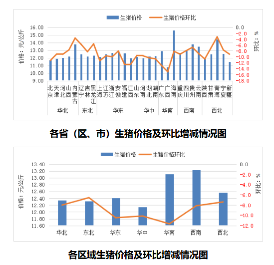 全国生猪平均价格12.57元/公斤,同比跌31.1%,环比跌9.0%。从涨跌情况看,全国30个监测省份价格均下跌。其中,华南地区环比跌幅较大,广西领跌,跌幅为15.0%。从价格水平来看,西南地区生猪平均价格最高,为13.24元/公斤;华中地区最低,为12.15元/公斤。
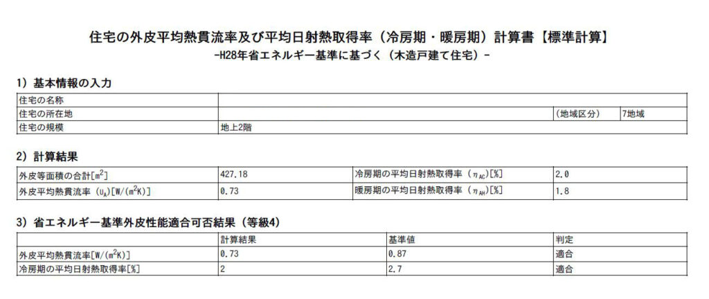 3)の省エネ外皮性能適合可否結果が、適合になっていることが分かります。
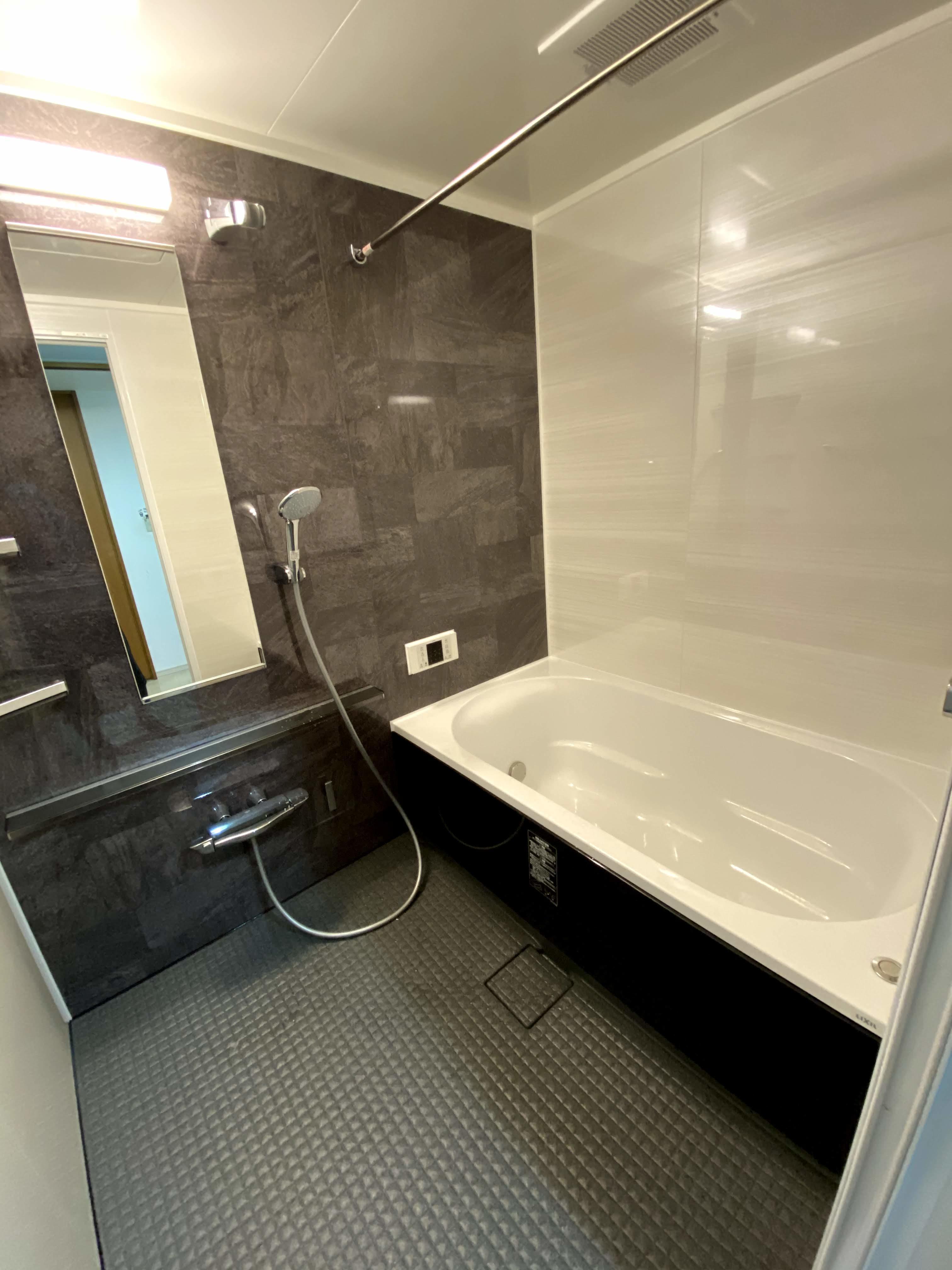 LIXILリノビオシリーズ お手入れのしやすさに加え、段差解消によるバリアフリー化、また、シックな色合いの落ち着いた空間で快適なバスルームに なりました。
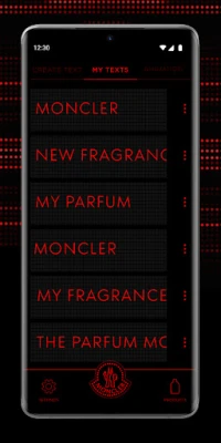Váš parfém je mnohem víc než jen vůně – je to neviditelná esence, která definuje vaši osobnost a náladu. Nyní s aplikací Moncler Parfums můžete tento intimní projev povýšit na novou, vizuální úroveň. Představte si, že vaše lahvička Moncler Parfums se stane dynamickým plátnem pro vaše vnitřní já. Tato inovativní aplikace vám umožňuje proměnit LED displej na flakonu v jedinečnou zprávu, která reflektuje vaše myšlenky, sny a momentální rozpoložení. Oživte svůj parfém a udělejte z něj vizuální prohlášení, které je stejně osobité jako vy sami.
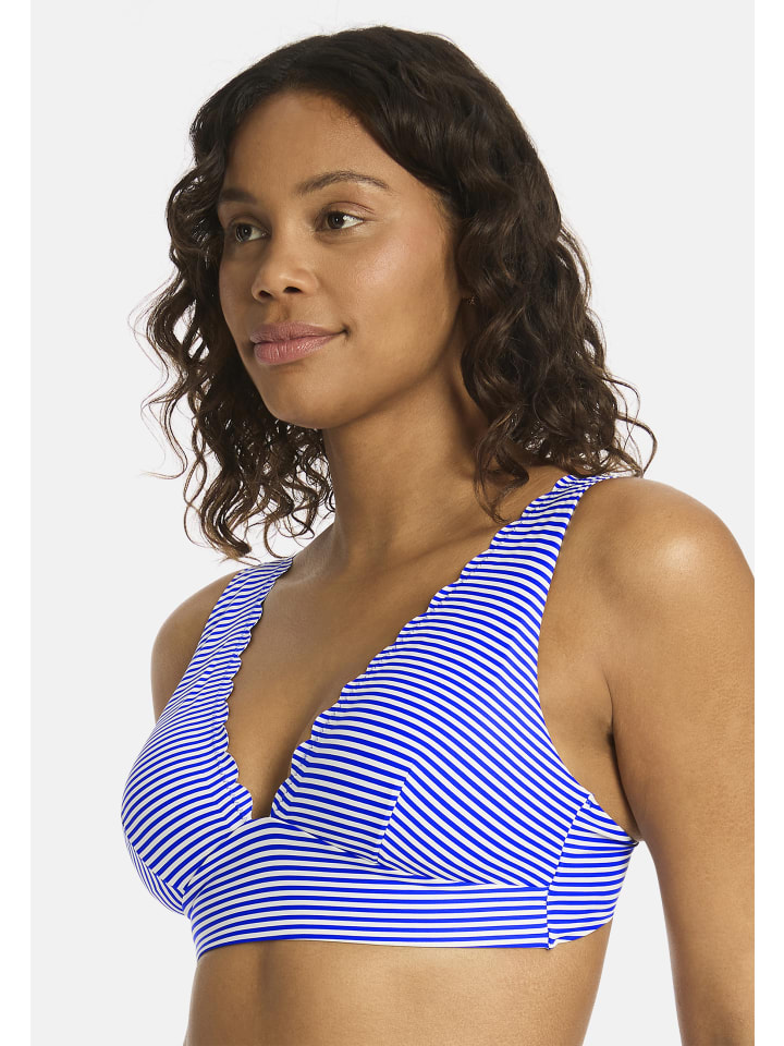 Ощутите стильную элегантность и безупречный комфорт с удлиненным топом Sea Level, специально разработанным для модниц, которые хотят производить незабываемое впечатление как в воде, так и на пляже. Этот эффектный топ с очаровательным фестончатым краем добавляет очаровательный штрих и подчеркивает вашу фигуру. Съемные чашечки позволяют регулировать размер и изящно поддерживают вашу естественную форму. Регулируемые и трансформируемые бретели позволяют создавать любой образ - классический, перекрещивающийся или с халтером - удлиненный топ гарантирует надежную посадку и оптимальную поддержку. Практичная застежка-бабочка на спине не только обеспечивает удобство использования, но и добавляет элегантности. Стратегически расположенные боковые косточки обеспечивают дополнительную стабилизацию и поддержку, позволяя вам полностью сосредоточиться на вашем дне у воды. Высококачественная сетчатая ткань облегает тело, обеспечивая отличную посадку и при этом дышащую. Этот удлиненный топ в привлекательном кобальтово-белом цвете с изящными полосками не только стильный, но и выводит любой образ с купальником на новый уровень. Этот привлекательный и функциональный удлиненный топ - обязательная вещь в любой коллекции купальников. Он придаст вам уверенности и стиля, пока вы наслаждаетесь солнцем и покоряете волны!
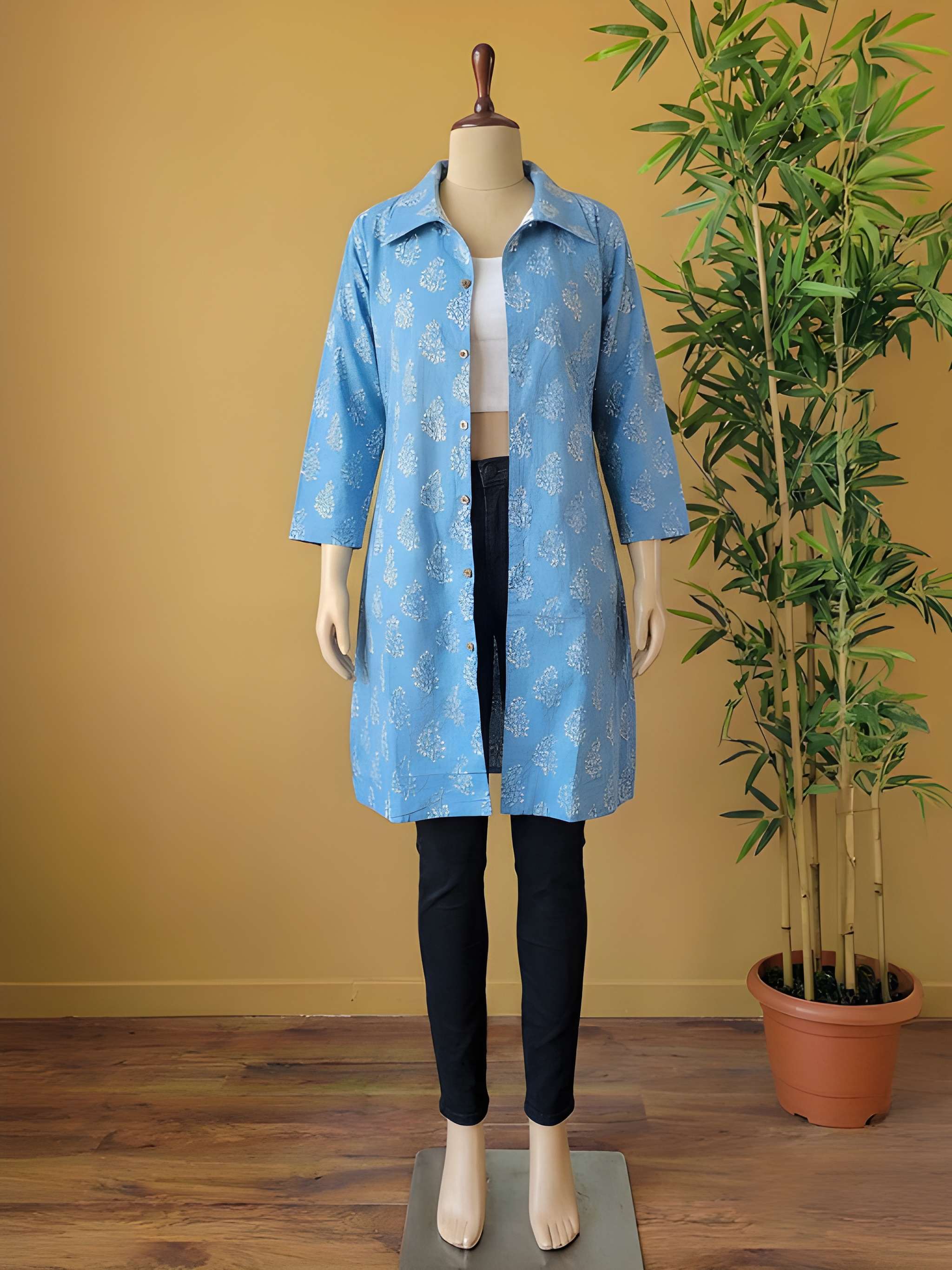 A Pure Cotton Hand Block Print Jacket is a handcrafted outerwear piece made from pure cotton fabric. Artisans decorate the fabric using traditional hand block printing. You can layer it over kurtas, dresses, tops, or sarees.
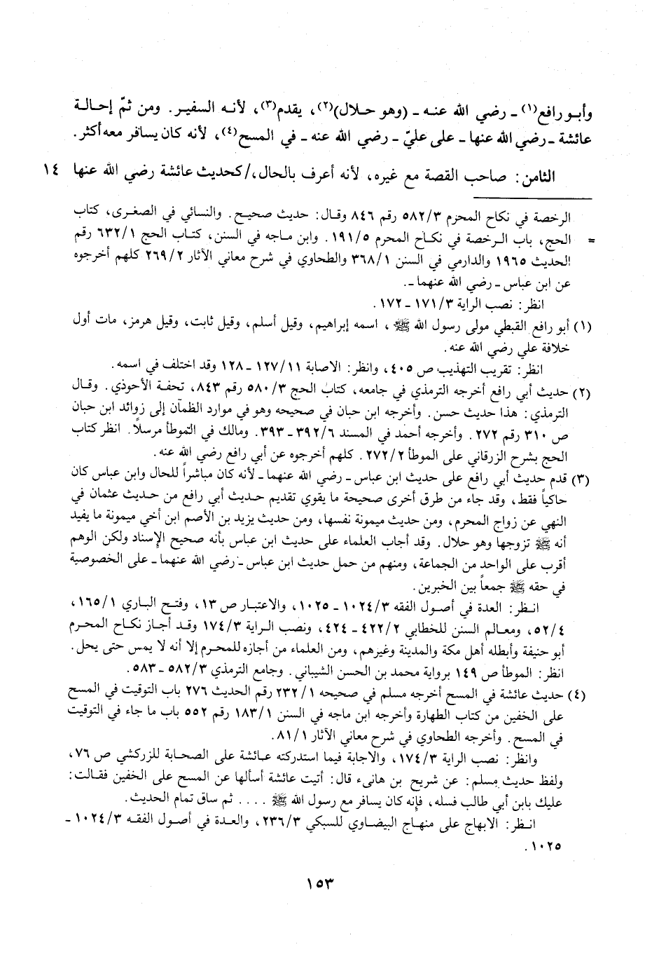 (¬3) قدم حديث أبي رافع على حديث ابن عباس -رضي الله عنهما- لأنه كان مباشرًا للحال وابن عباس كان حاكيًا فقط، وقد جاء من طرق أخرى صحيحة ما يقوي تقديم حديث أبي رافع من حديث عثمان في النهي عن زواج المحرم، ومن حديث ميمونة نفسها، ومن حديث يزيد بن الأصم ابن أخي ميمونة ما يفيد أنه - صلى الله عليه وسلم - تزوجها وهو حلال. وقد أجاب العلماء على حديث ابن عباس بأنه صحيح الإِسناد ولكن الوهم أقرب على الواحد من الجماعة، ومنهم من حمل حديث ابن عباس- رضي الله عنهما- على الخصوصية في حقه - صلى الله عليه وسلم - جمعًا بين الخبرين.
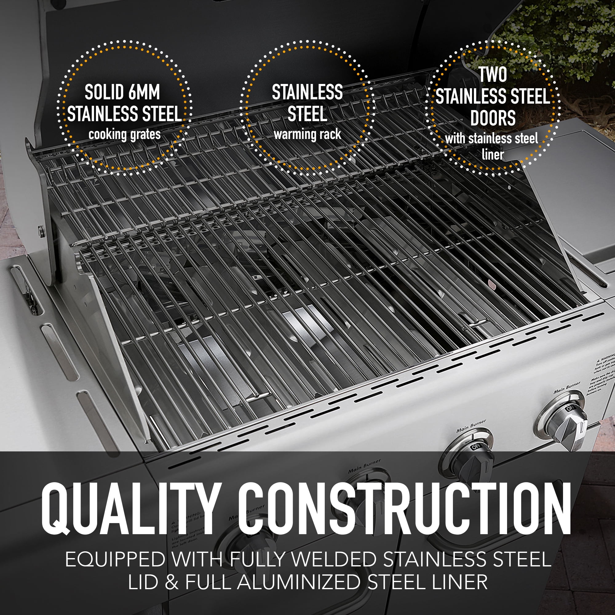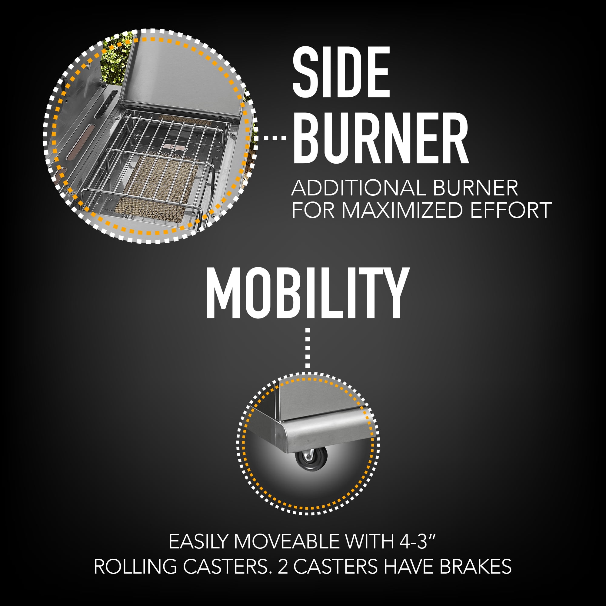 MULTIPLE BURNER GAS BBQ: 4 main burners made of stainless-steel tube. Each carries 10, 000 BTU. Includes one 12, 000 BTU Searing side burner. Total BTU is 52,000 GRILL SIZE: Total cooking surface of 606 square inches. Primary cooking surface of 432 square inches and secondary cooking surface of 174 square inches. QUALITY CONSTRUCTION: Equipped with the following features this grill is sure to last: Fully welded stainless steel lid & full aluminized steel liner, solid 6mm stainless steel cooking grates, stainless steel warming rack, two stainless steel doors with stainless steel liner, full stainless steel side panels & stainless steel bottom panel and aluminum grease box. MOBILE: Easily moveable with 4-3” rolling casters. 2 casters have brakes. EASY TO START: Electronic ignition makes starting this grill as easy as pushing a button with individualized ignition system. Convertible to Natural Gas with Conversion Kit, Part # PP-20400-CS (sold separately) and Requires Professional Installation; Expert Assembly Not Included
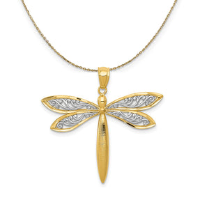 14k Yellow Gold & Rhodium 30mm Filigree Dragonfly Necklace
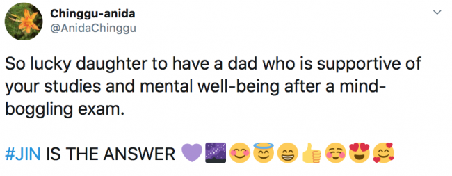Qoo post about how during China's College Entrance Exam a father was seen waiting for his daughter w/ a Jin Slogan comments are so funny:#방탄소년단진 #JIN #SEOKJIN #진 #김석진 #방탄진 #BTSJIN @BTS_twt pic.twitter.com/pGjnhkfS6u
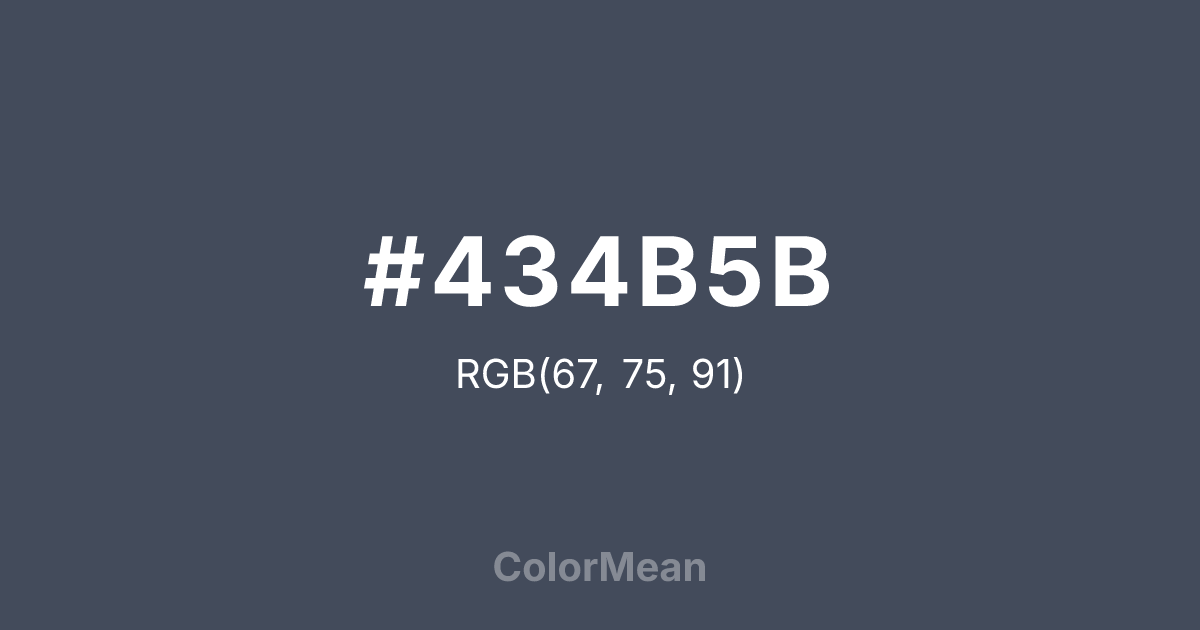 #434B5B RGB value is (67, 75, 91). The hex color red value is 67, green is 75, and blue is 91. Its HSL format shows a hue of 220°, saturation of 15 percent, and lightness of 31 percent. The CMYK process values are 26 percent, 18 percent, 0 percent, 64 percent.
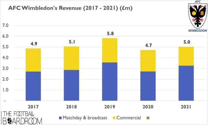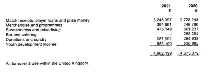 在2021年,AFC温布尔登的整体收入在500万镑左右,根据财报披露,结构如下:
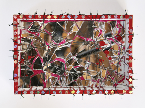 Splitterlich irritierend: das Spiegeldiorama. Holzkiste, Spiegel, Plüsch, Bindfaden, Nägel. 30 x 20 x 5 cm
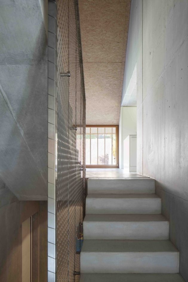 The four duplex apartments are all directly accessible from the mill court. The innovative apartment disposition with controlled spatial overlaps and nestings allows all residents to use the spacious and spatially exciting attic (vertical orientation) and on the ground and upper floor two apartment widths (horizontal orientation). The result is a surprising combination of the advantages of duplex and storey apartments. The half-storey concept allows a precise building placement in the slope and creates exciting spatial sequences. Two apartments are equipped with garden seating, two apartments are enjoying the private outdoor space in form of loggias.
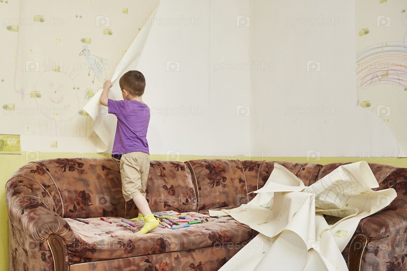 Ребенок разрывает обои в комнате во время карантина и изоляции из-за пандемии коронавируса COVID-19
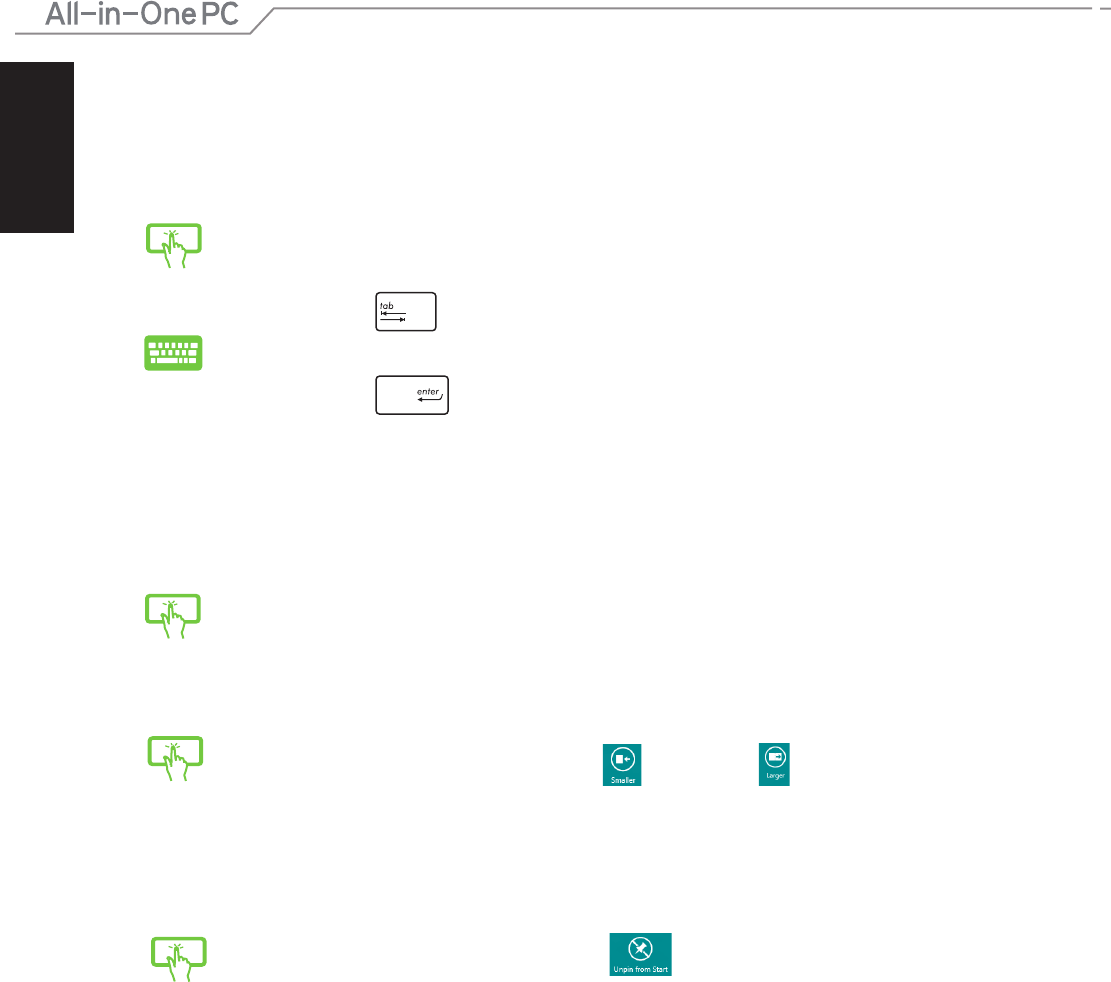Potete spostare, ridimensionare, rimuovere applicazioni dal menu Start in uno dei seguenti

» **ASSIGNMENT**
When you reach the line with "A Pure Cotton" in the records above, begin repeating the lines exactly, and stop after the line with "(¬3) قدم حديث". Skip all pictures.

» **SOLUTION TO THIS EXERCISE**
 A Pure Cotton Hand Block Print Jacket is a handcrafted outerwear piece made from pure cotton fabric. Artisans decorate the fabric using traditional hand block printing. You can layer it over kurtas, dresses, tops, or sarees.
 (¬3) قدم حديث أبي رافع على حديث ابن عباس -رضي الله عنهما- لأنه كان مباشرًا للحال وابن عباس كان حاكيًا فقط، وقد جاء من طرق أخرى صحيحة ما يقوي تقديم حديث أبي رافع من حديث عثمان في النهي عن زواج المحرم، ومن حديث ميمونة نفسها، ومن حديث يزيد بن الأصم ابن أخي ميمونة ما يفيد أنه - صلى الله عليه وسلم - تزوجها وهو حلال. وقد أجاب العلماء على حديث ابن عباس بأنه صحيح الإِسناد ولكن الوهم أقرب على الواحد من الجماعة، ومنهم من حمل حديث ابن عباس- رضي الله عنهما- على الخصوصية في حقه - صلى الله عليه وسلم - جمعًا بين الخبرين.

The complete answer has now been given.